In the search bar up on the right hand side of the screen, if you are
using google online, type mold design in search and hit the search
group button. You will find lots of information. I am not trying to be
rude or a smart ass, but this is the best way to start because lots of
other people have asked.
I am not aware at this moment of Mold Design books specifically for
SolidWorks. It is more about knowing mold design and knowing SolidWorks
seperately and then bringing the knowledge together. If you don't no
mold design then you will need a mold design book that does not include
SolidWorks info. SolidWorks has info on how to split a part or create a
cavity but that is included in the tutorial. I don't have a specific
book at this time and I have been doing mold design for 6 years. But I
understand mold design and SoldiWorks so the only thing I get from time
to time is the guidlines for a specific material.
Wayne Tiffany and John Layne posted this one a while back.
Engineering Polymers, Part and Mold Design, Thermoplastics, A Design Guide,
put out by Bayer MaterialScience.
It's 7 chapters entitled:
1. Part design process: concept to finished part
2. General design
3. Structural design
4. Design for assy
5. Machining & finishing
6. Painting, plating, & decorating
7. Mold design
For those of us that don't design plastic parts but once every 5 years, and
then have a molder really do the design from that point, it's a good
resource to understanding the considerations in this type of application. At
least you would have some understanding of the terminology, etc.
I received a hard copy sent via snail mail just for entering my information
at http://www.designguide.bayerplastics.com /
Thanks Wayne and John
Did anybody click on Mr. Huber's link from his initial post? I don't
think he needs help with Mold design per se.... he's looking for
particulars regarding SW and mold design. Sorry I can't help...
On Mon, 9 May 2005 07:45:37 -0500, "Keith Streich"
No I did not. Guess he knows mold stuff. Still I wanted to post that
inforamation for other users.
Since Moldflow Xpress was introduced for most of us in Solidworks 2005, I
don't believe there is much more than the help files for that information.
Perhaps something more exists at http://www.moldflow.com who own the rights
to Moldflow Xpress.
As for the basic mold tools which SW2005 has, I've heard SW2006 will be more
of what mold people want, something about multiple entries or moving mold
pieces allowing for more intricate pieces. When I took the training
involving mold stuff, it was a lot of surface stuff, splitting things and
extending surfaces, seemed like a pain. Maybe that's why there are add-on
surface stuff, splitting things and extending surfaces, seemed like a pain.

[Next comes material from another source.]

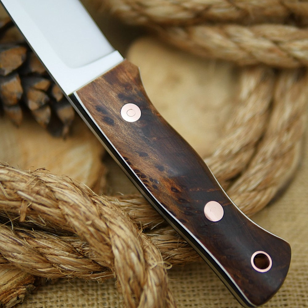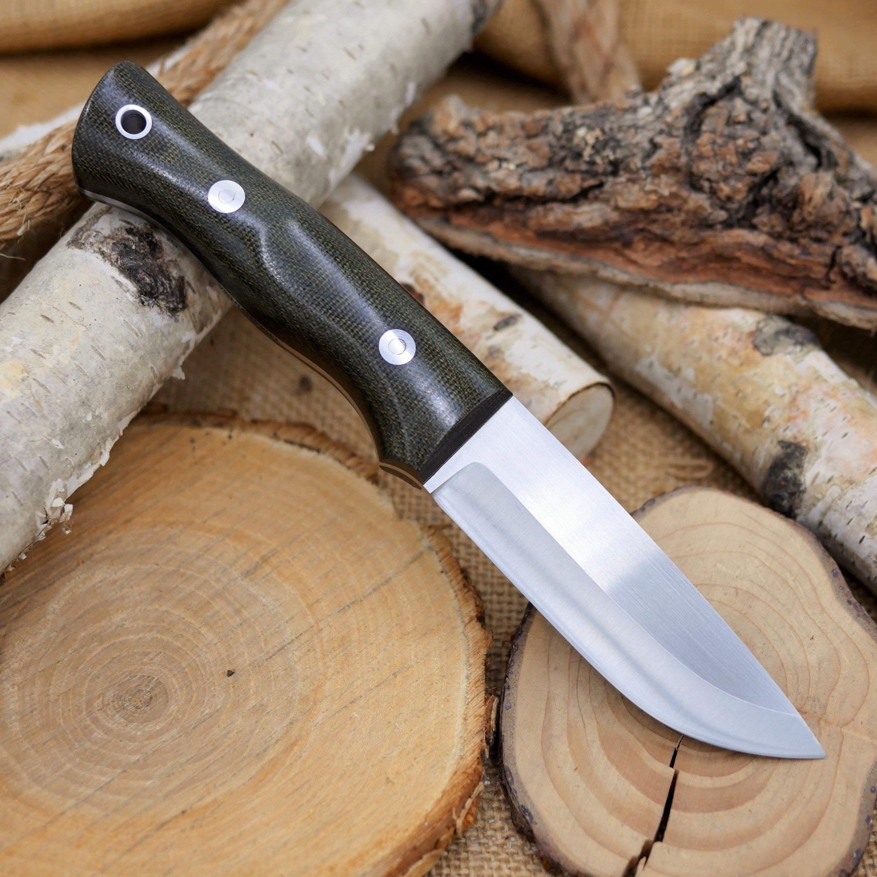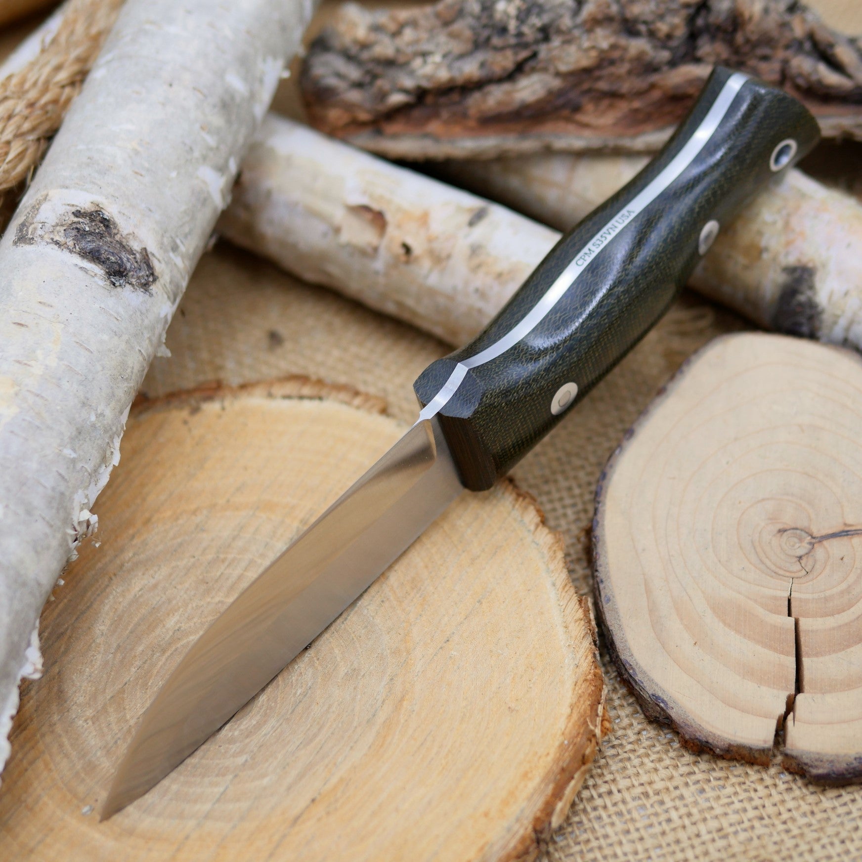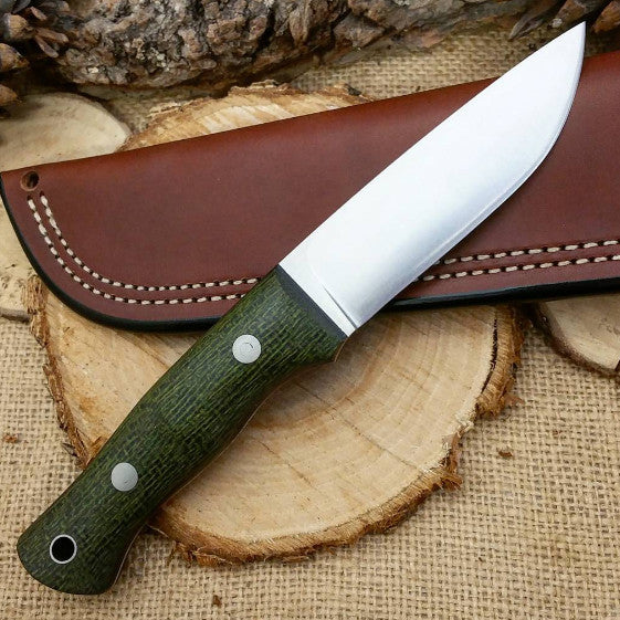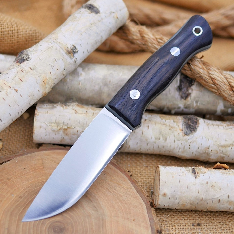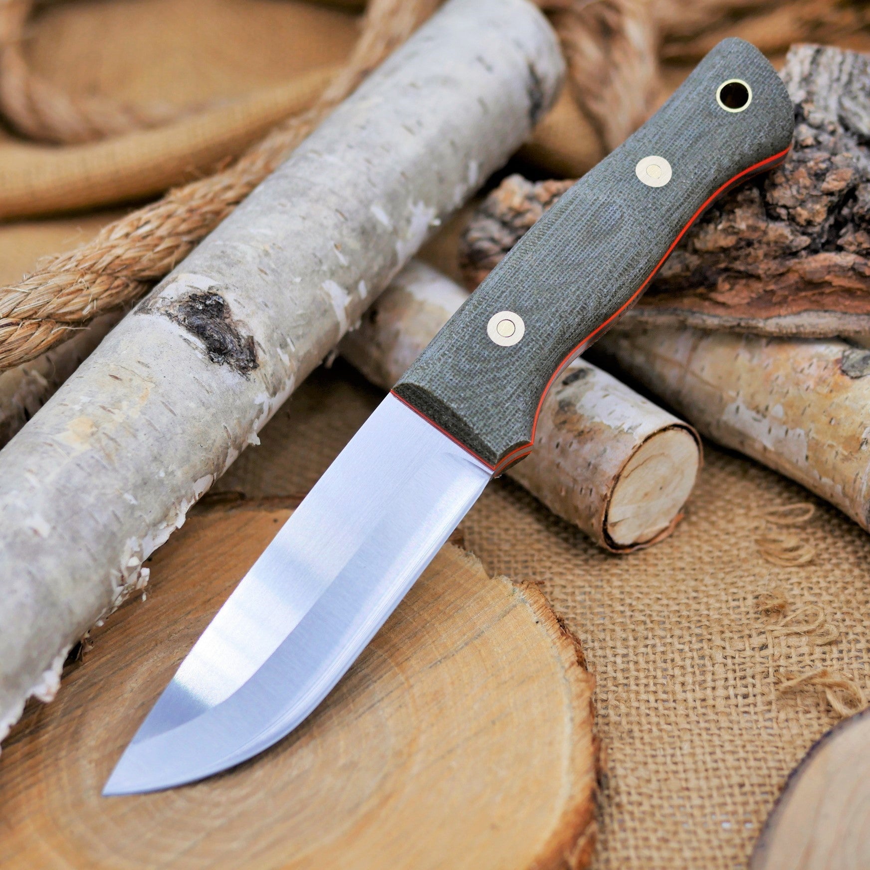 The Huntsman is a bushcraft-hunting knife hybrid which excels at processing wood and game alike. Its dimensions make it excellent for skinning, gutting, and slicing, as well as making tent stakes, whittling traps, or carving a canoe paddle. The knife is built strong enough to handle anything from building a shelter to splitting logs for the fire, a true companion to the outdoorsman. Crafted in the USA.

Maybe that's why there are add-on mold packages.
Do any of them help with that kind of stuff, or are they component
Thanks for checking out my web site. You're right, I'm pretty comfortable
with mold design, just want to get up to speed on all of the tricks to
SolidWorks. So far, I'm not impressed. I tried to create a shut off
surface in a part opening that breaks out into two planar surfaces that are
at an angle to each other. It should have been very simple. The surface
"wrinkled" where the two planes intersect. I was able to create a core,
delete and patch a face, but had no luck using the new mold tools creating
I imported the part into a new file, extruded a boss on the two planar
surfaces, away from the cavity direction, and used that lump to create a
cavity in assembly mode. I think it should have been easier. My base part
is fairly simple, 93 features, but takes up too much time rebuilding. I'm
using a 3.2 GHz computer with 1 Gb of RAM, so it shouldn't be too bad.
I find the SolidWorks help files, and error messages, to be lacking. It
seems that there is very often a work-around when SolidWorks doesn't want to
do its job, but it usually requires a workaround, and I find that
disappointing too. So, I was hoping I could buy a book to make me smarter
about using Solidworks.
Thanks to everyone who made suggestions. I ordered a book by David Murray
called "Inside SolidWorks 2003". I've heard some good things about it, and
it does cover some mold design. Once I read it, I'll post my opinion here,
if anyone is interested.
Just to give you some incremental hints ( a brain dump on this subject
would be too much), but for shutoff surfaces, don't try to use the SW built
in tools. It will too often give, well, "entertaining" results, assuming
you have a good sense of humor about that kind of thing.
The usual tools for shut offs (for me anyway) are...
- "delete hole" This is for the case where you just want to fill in the
existing surface. It's kind of a hidden command. There is no icon or menu
item for it (except that it works like a portion of the "untrim" tool), you
will only see it if you select the edge of a closed loop on a surface and
try to delete it. It will first ask you if you are trying to delete the
surface feature or the hole in the surface. It fills in the hole with the
- "planar surface". it should be obvious when this is appropriate.
- "fill surface". for basically any simple shutoff situation not covered
by the above two.
- if you have to do complex shutoffs, you'll wind up using extruded, lofted
and ruled surfaces, of course along with trim, extend and knit.